Versteckt von anmutigen Bäumen, die sich wie eine schützende Mauer an ihrem Zuhause entlang ziehen.
Dadurch wohl bewahrt, das ihr kleines Heim einfach davon fliegt oder von einem kräftigen Windstoß mitgerissen wird.
In recht kurzen Abständen hellt der Himmel auf, nur um die Welt kurz danach wieder in Dunkelheit versinken zu lassen.
Begleitet werden diese angsteinflößenden Lichtblitze von fiesen, und gemeinen Donnerschlägen.
Es rummst, und zwar gewaltig.
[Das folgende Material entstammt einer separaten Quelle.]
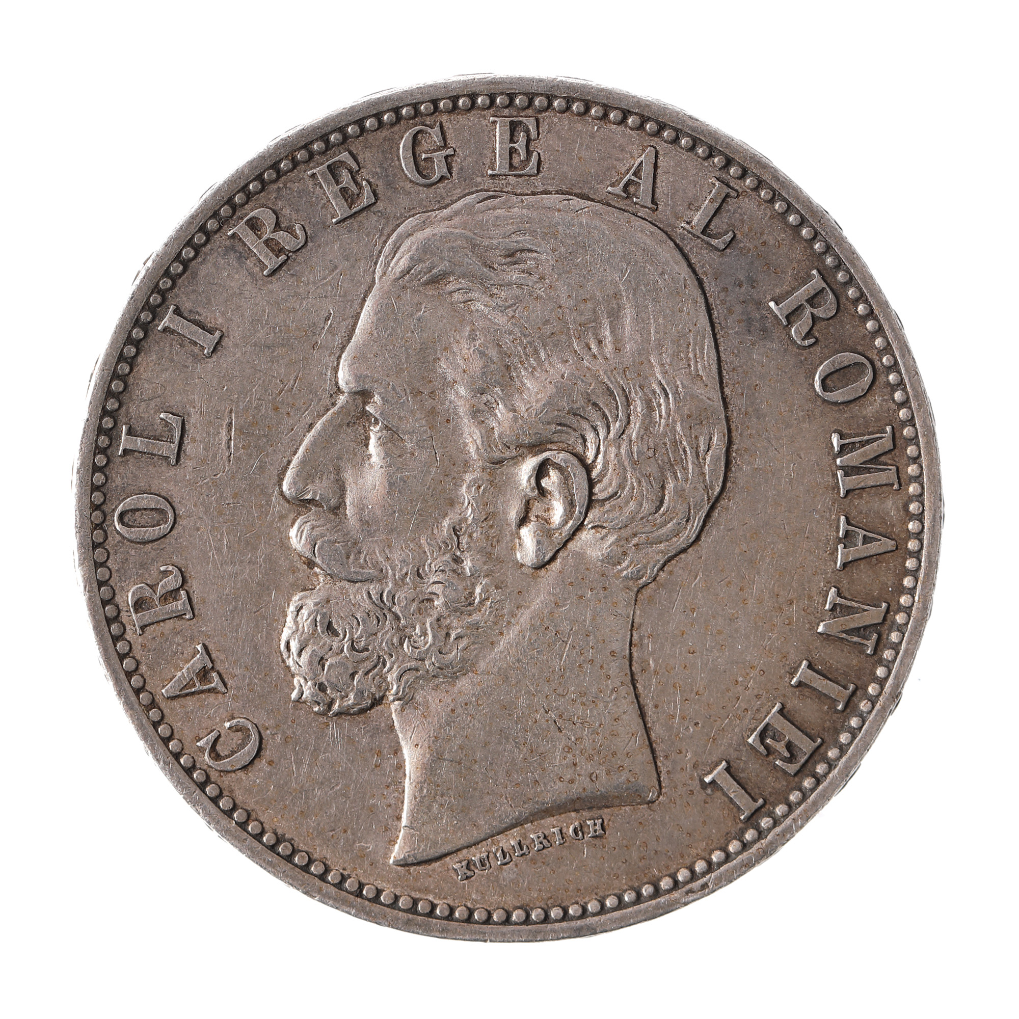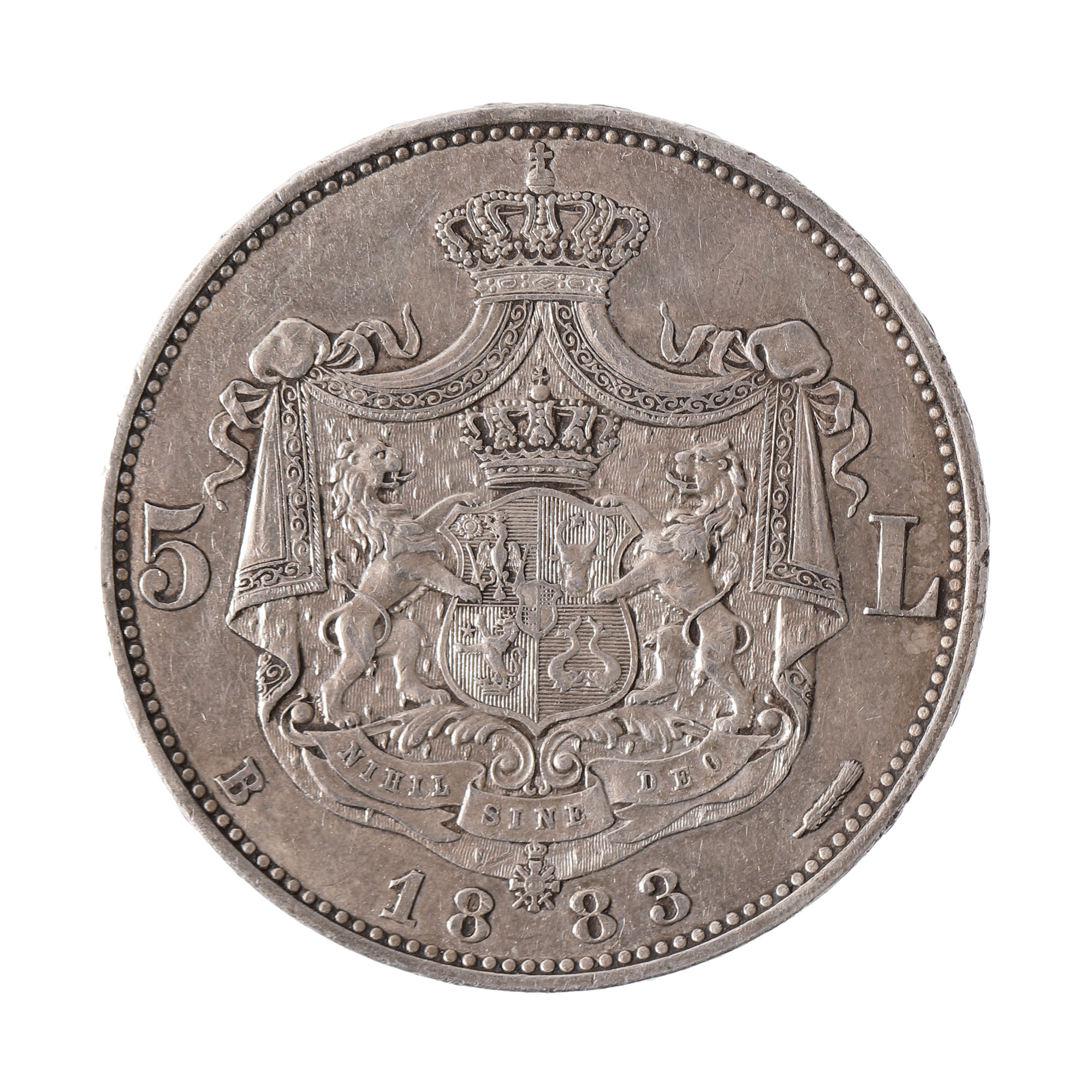 Avers: bustul regelui Carol I, orientat spre stânga, alături de inscripția „Carol I rege al Romaniei / Kullrich" Revers: stema regatului și inscripția „Nihil sine Deo / 5 L / B / 1883"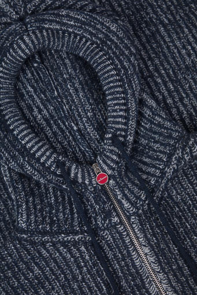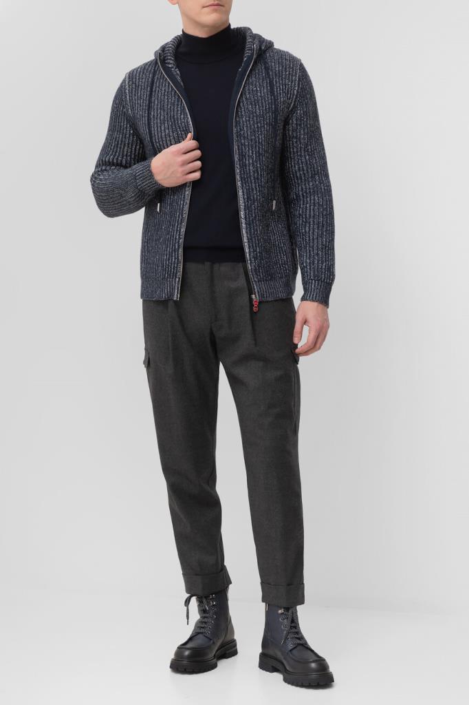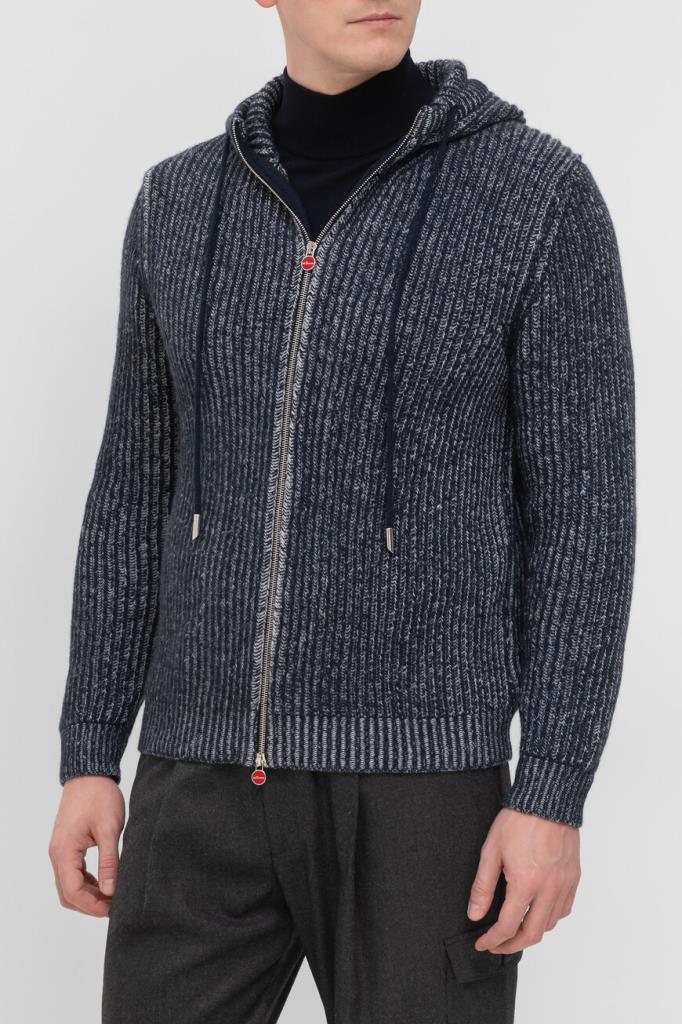 Толстовка Kiton в белом и тёмно-синем тонах. Изделие прямого силуэта связано из мягкой кашемировой пряжи и оснащено глубоким капюшоном на регулируемых завязках. Модель застёгивается на встречную молнию с брендированными пуллерами фирменного алого оттенка и сочетается с брюками из коллекции городской одежды KNT.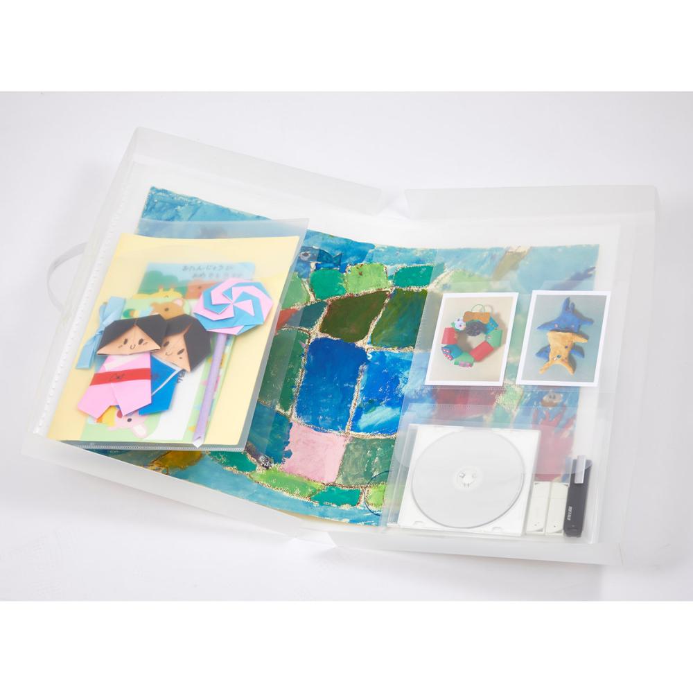 A5ポケット、データ保存ポケット、A4ポケット、絵画作品ポケット、取っ手付き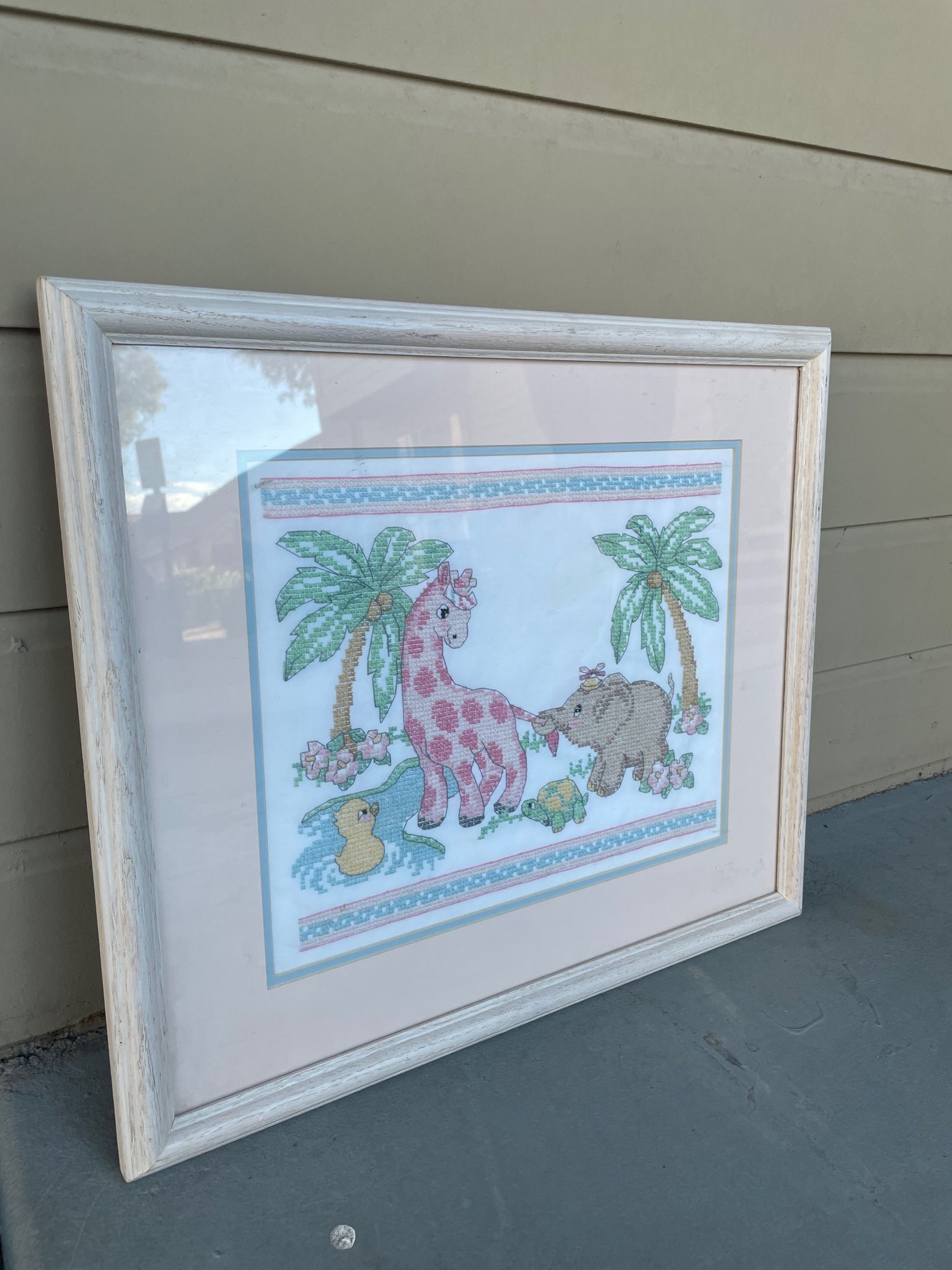 Sunset brand cross-stitch kit, matted in a vintage frame. Cute little coquette pastel animals Pickup in Tempe near southern & mill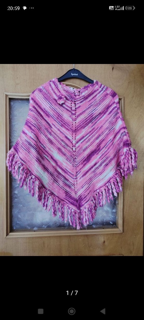 Kız çocuk için bol kesim, tekne yaka ve askılı kollu panço. Pembe tonlarında batik desenli, örgü ve püsküllü, bohem tarzda.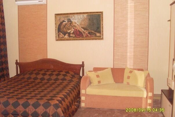 2-х спальная кровать, два 2-х местных дивана, столик с пуфиками, совмешенный душ с туалетом.В гостиничном номере
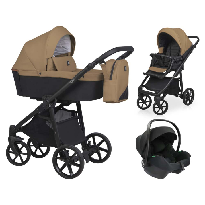 TUVI BEIGE разполага с кош за съхранение и чанта за памперси за максимално удобство на всеки родител.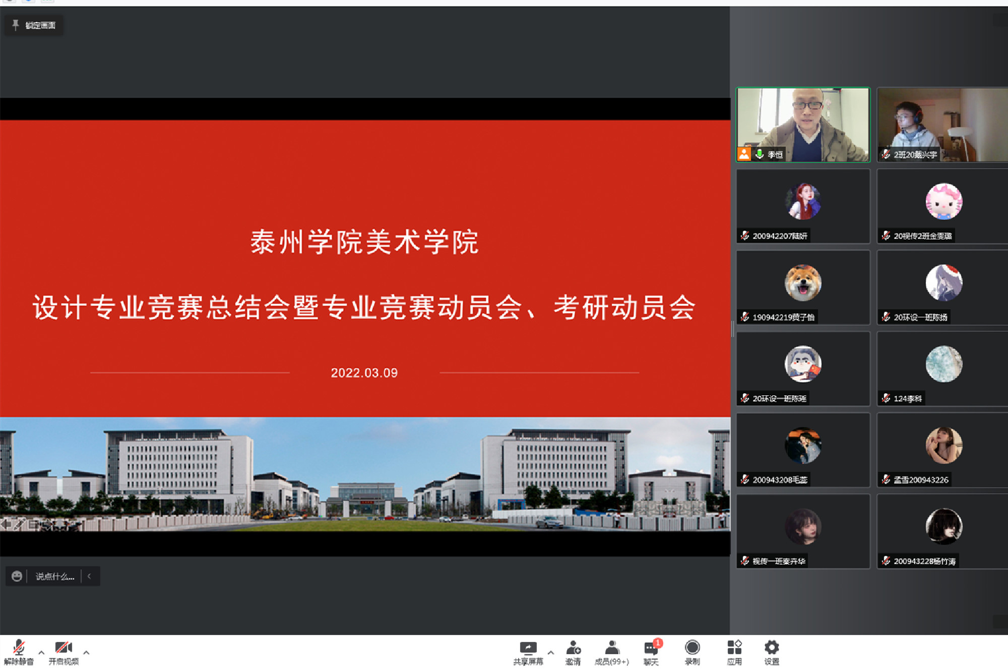3月9日,美术学院在线召开设计专业竞赛总结会暨专业竞赛动员会、考研动员会。学院相关负责人、视觉传达设计系和环境设计系全体教师、2019级和2020级设计专业学生参加本次会议,动员会由学院副院长季恒主持。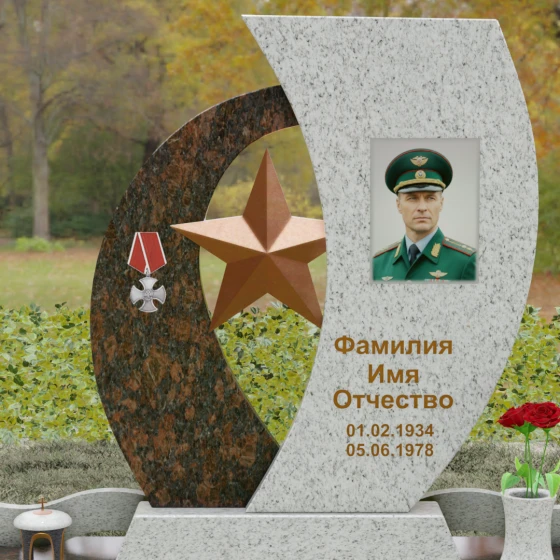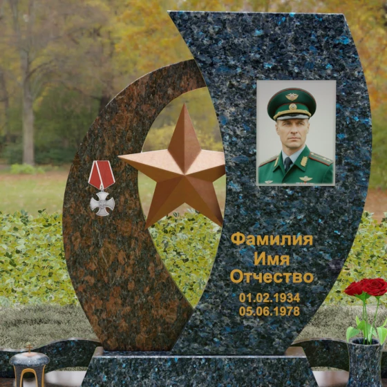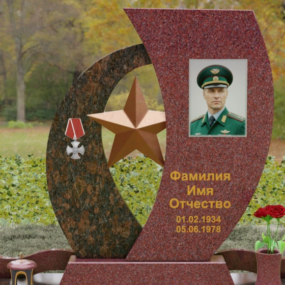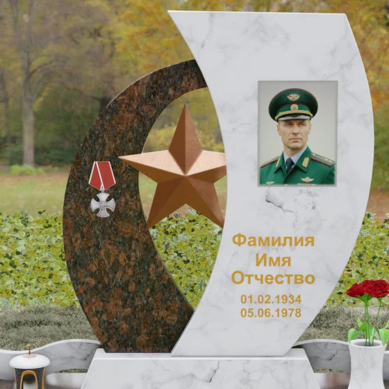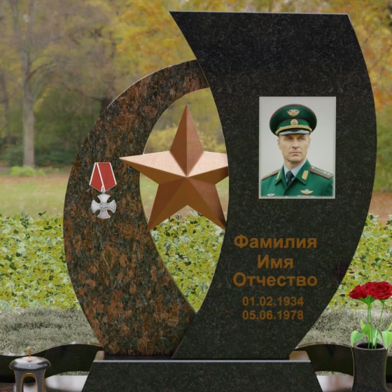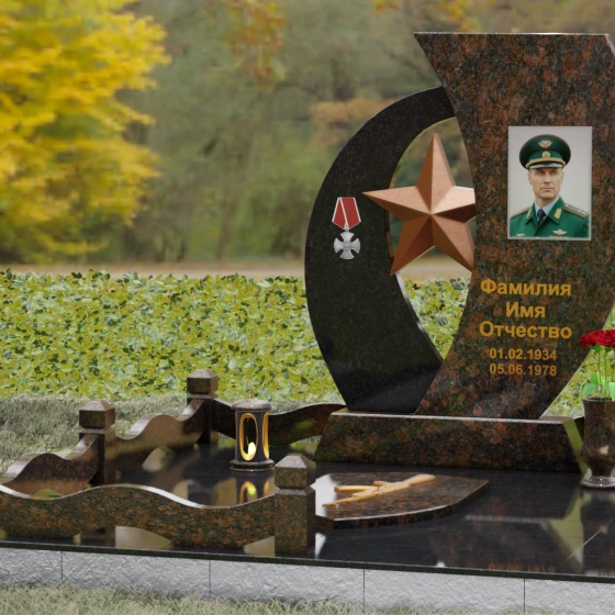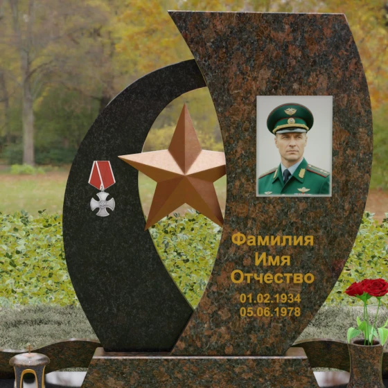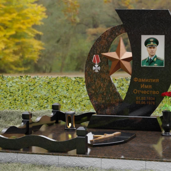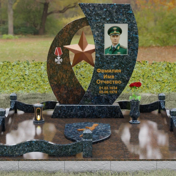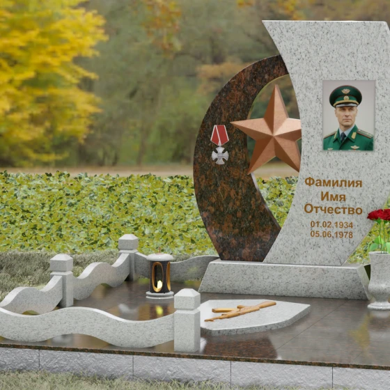Кому подойдет: Данный мемориальный комплекс спроектирован для увековечивания памяти мужчин, чья жизнь была связана с воинским долгом, государственной службой или героическими поступками. Он станет достойным символом последнего пристанища для ветерана, кадрового офицера или человека с твердым характером. Армейская символика в сочетании с изысканным европейским стилем благоустройства (каменная ваза для живых цветов, лаконичная лампада на постаменте) подчеркивает уважение семьи к заслугам и личным качествам дорогого человека.

So gewaltig das man jedesmal aufs neue zusammenzucken muss.

In mitten dieses unheimlichen Wetterspektakels liegt ein kleines Mädchen kauernd in ihrem Bett.
Die Decke weit über den Kopf gezogen.
Vielleicht ist man so ja vor diesem wütendem "Etwas" da draußen sicher. Jeder Donnerschlag entlockt der kleinen
ein angstvolles Aufstöhnen.
Nach einem erneutem, gewaltigen Grollen wird aller Mut zusammen genommen der noch übrig ist.

Die Decke schiebt sie sich ein klein wenig vom Gesicht um durch das dunkle Zimmer spähen zu können.
Zum Vorschein kommen gold leuchtende Augen... Ein sachter Farbenschimmer der gern mit dem Mondlicht verglichen wird.
Ihre Haut ist fast weiß, ebenso ihr Haar welches ihr in wilden Strähnen um den Kopf herum tanzt.
Ihr Alter würde wohl derzeit auf etwa 6 Jahre geschätzt werden.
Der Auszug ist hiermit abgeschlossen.